The Tribunal considered the applicant's claim that the police made inquiries of his family in his hometown before the state of emergency was declared in January 2007. It was not satisfied that this had occurred. It had regard to the fact that when asked at the hearing if anything particular had happened to make him think his arrest was imminent the applicant had made no reference to this claim. The Tribunal found that this would have been an obvious point for the applicant to mention this claim. It found that his claim that strangers, who he speculated were police, had made such inquiries was made belatedly. The Tribunal was not satisfied that the police were making such inquiries. The Tribunal also had regard to the fact that the applicant had not claimed that the police had made any inquiries since that time. It found that this pointed to a lack of interest in his whereabouts by the police. It also had regard to the fact that the applicant had worked at a single workplace in Dhaka for over four years without any apparent police interest in locating him. It found his suggestion that his employer kept his employment a “secret” from the police to be speculation and was of the view that one would have expected the applicant’s employer to have informed him if the police had made inquiries about him. It also had regard to the fact that the applicant claimed he was able to attend regular meetings of the Awami League in Dhaka between 2003 and 2007 and have contact with members of the party without any police harassment of those attending. The Tribunal accepted the applicant lived at various addresses in Dhaka, but as it was satisfied the police had no interest in his whereabouts it did not consider he would be sought out or have problems if he lived at a single address.
The Tribunal found that the applicant’s willingness to provide the passport office with his sister's address in Dhaka in 2007 was not consistent with his claim to fear that the police were actively looking for him. Rather this was said to show a confidence that this would not lead to his sister coming under suspicion by the police because of her contact with the applicant.
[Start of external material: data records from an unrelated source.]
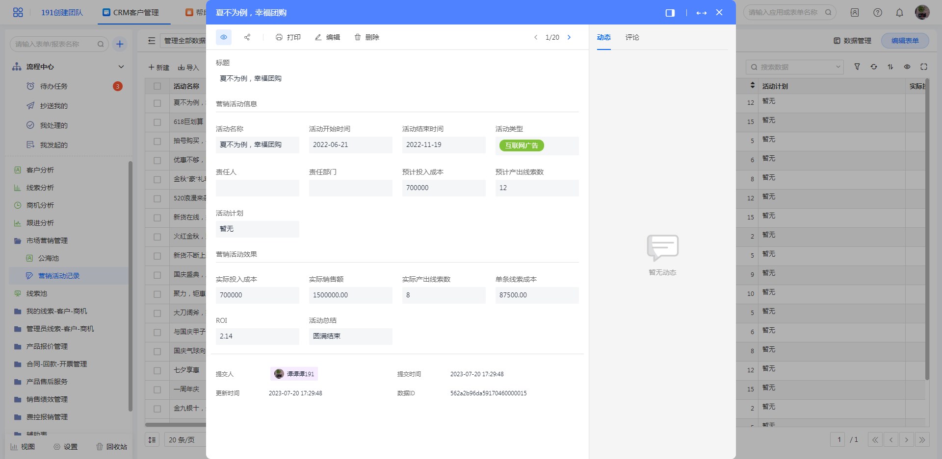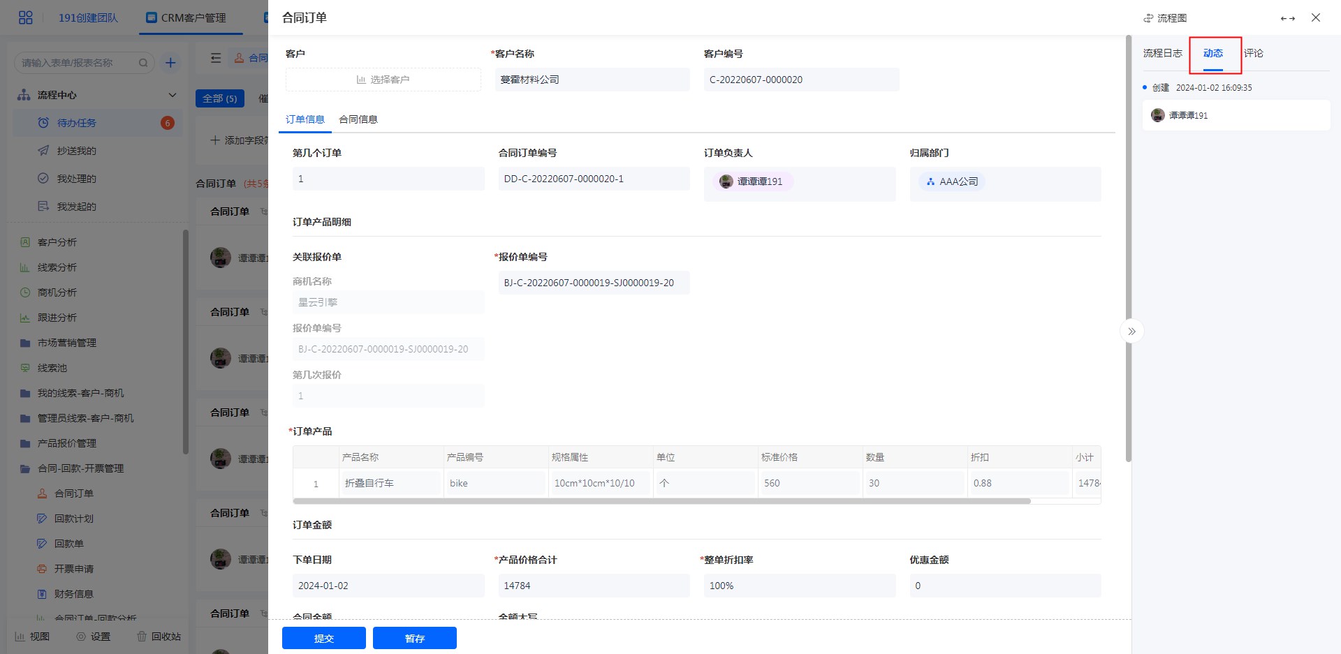 勾选此属性后,在流程中心(流程待办/抄送我的/我处理的/我发起的)查看流程页面,会显示动态。
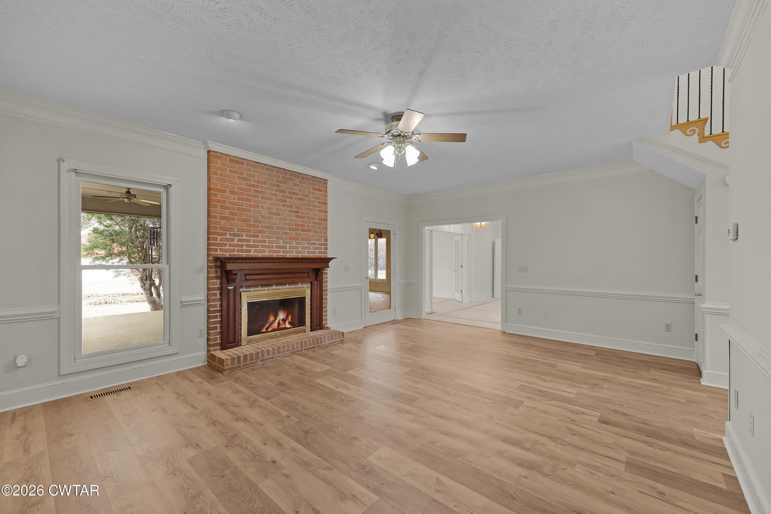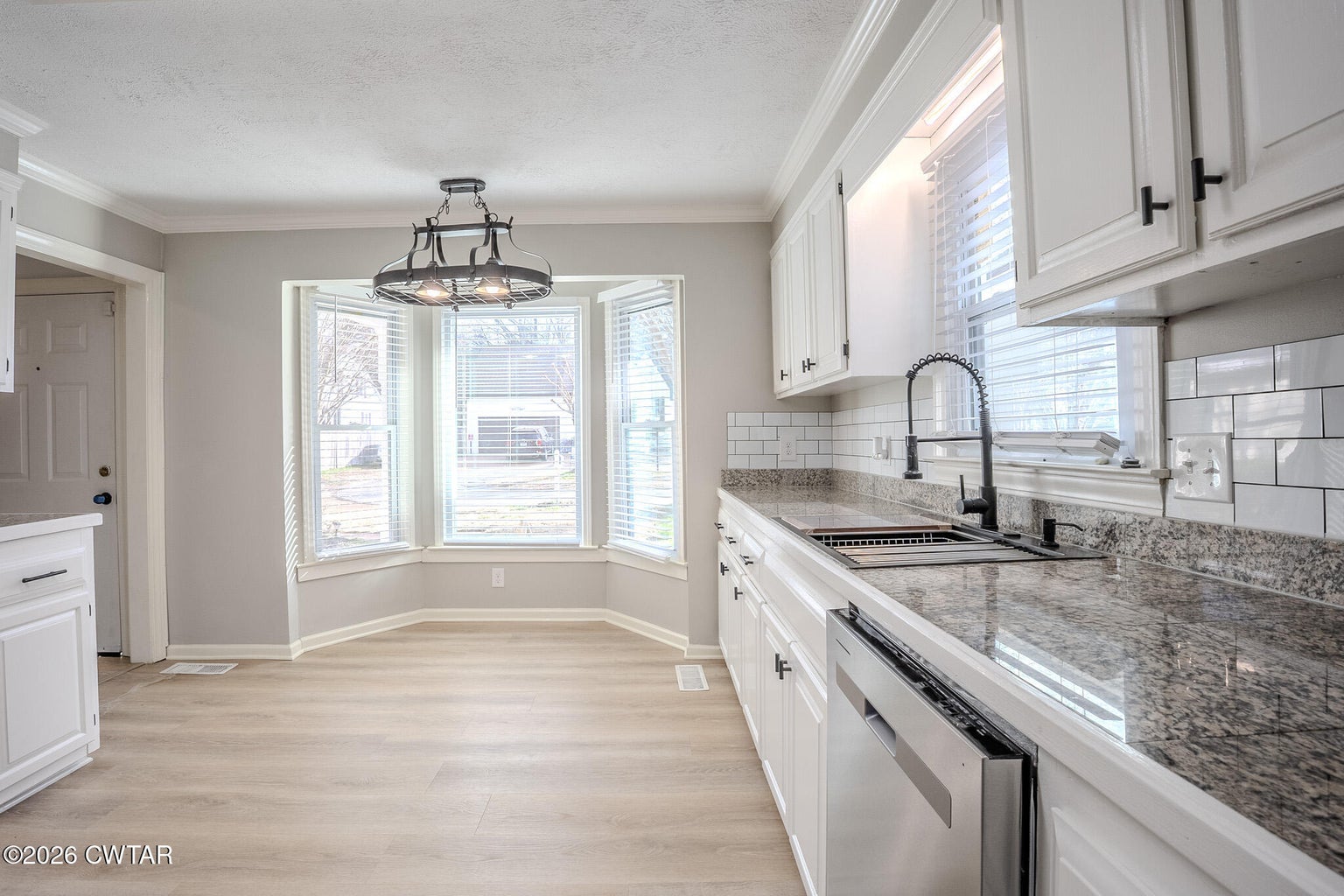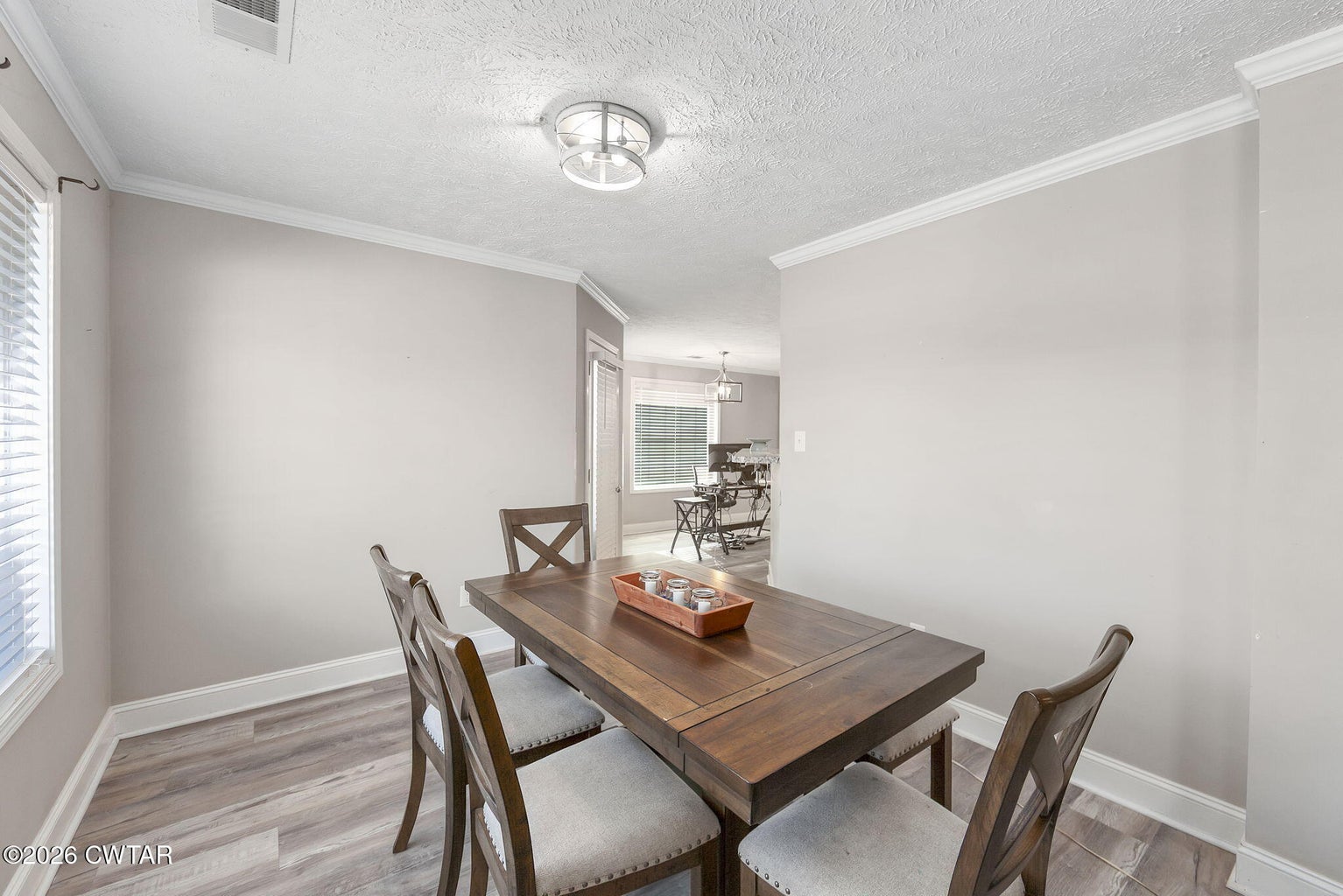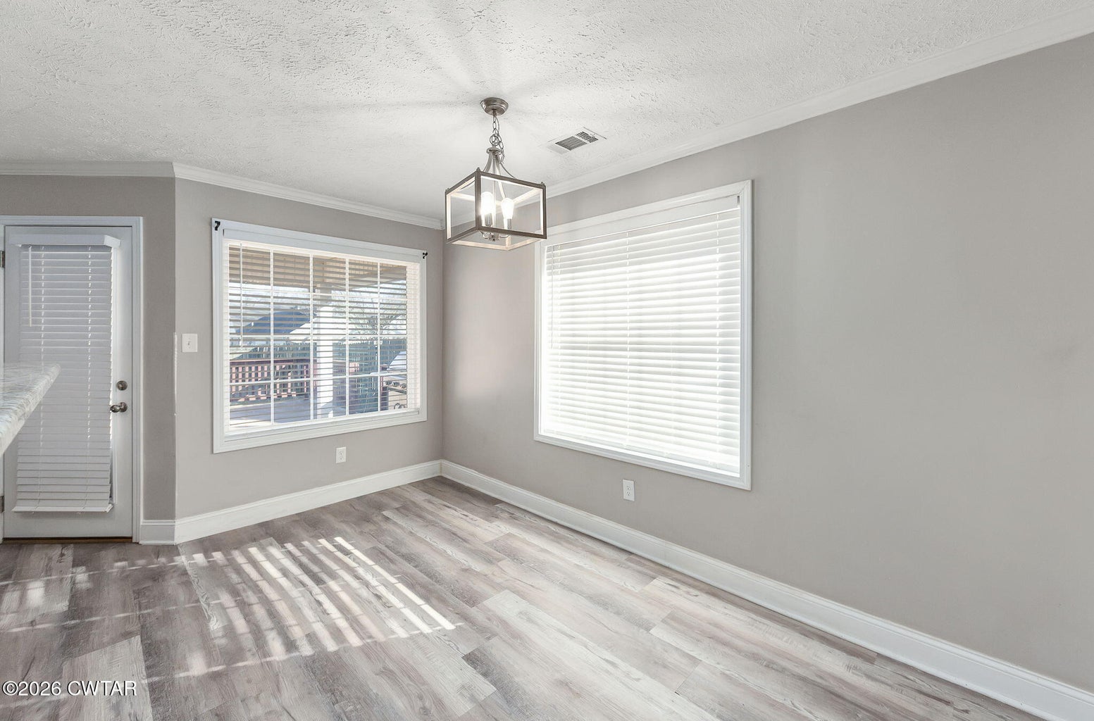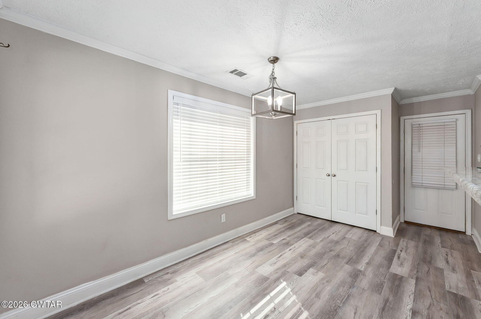 The mature shade trees enhance outdoor enjoyment while helping maintain a cooler, more comfortable setting during hot summer months. A relaxing covered front porch adds classic Southern charm — perfect for morning coffee or unwinding at day's end. Inside, enjoy durable wide-plank LVP flooring throughout — no carpet — paired with decorative crown molding and neutral paint colors.
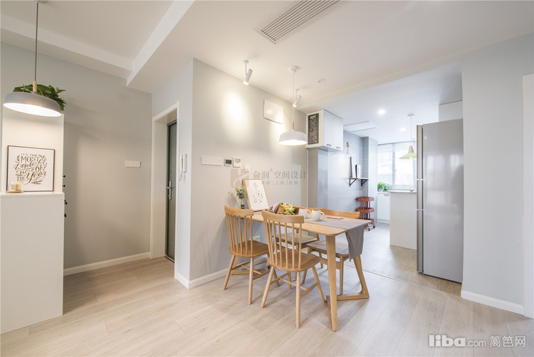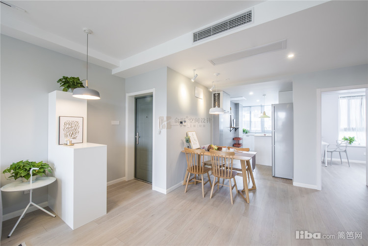 进门玄关区采用高低落差的鞋柜作为玄关,配上经典北欧吊灯使进门区域宽敞明亮。

While the Tribunal accepted that “tens of thousands” of people were arrested in the weeks following the declaration of a state of emergency in January 2007, it inferred that the police had no interest in the applicant's whereabouts “even during this period of focused crackdown”, given that he continued to go to work until he left Bangladesh in November 2007 without any official inquiries being made about him there, or of his family members (or anyone else) and having regard to the fact that he was issued with a valid Bangladeshi passport and was able to leave the country legally and openly. The Tribunal was satisfied that the applicant’s passport would not have been refused because of his political opinion (even if he had not paid a bribe as claimed).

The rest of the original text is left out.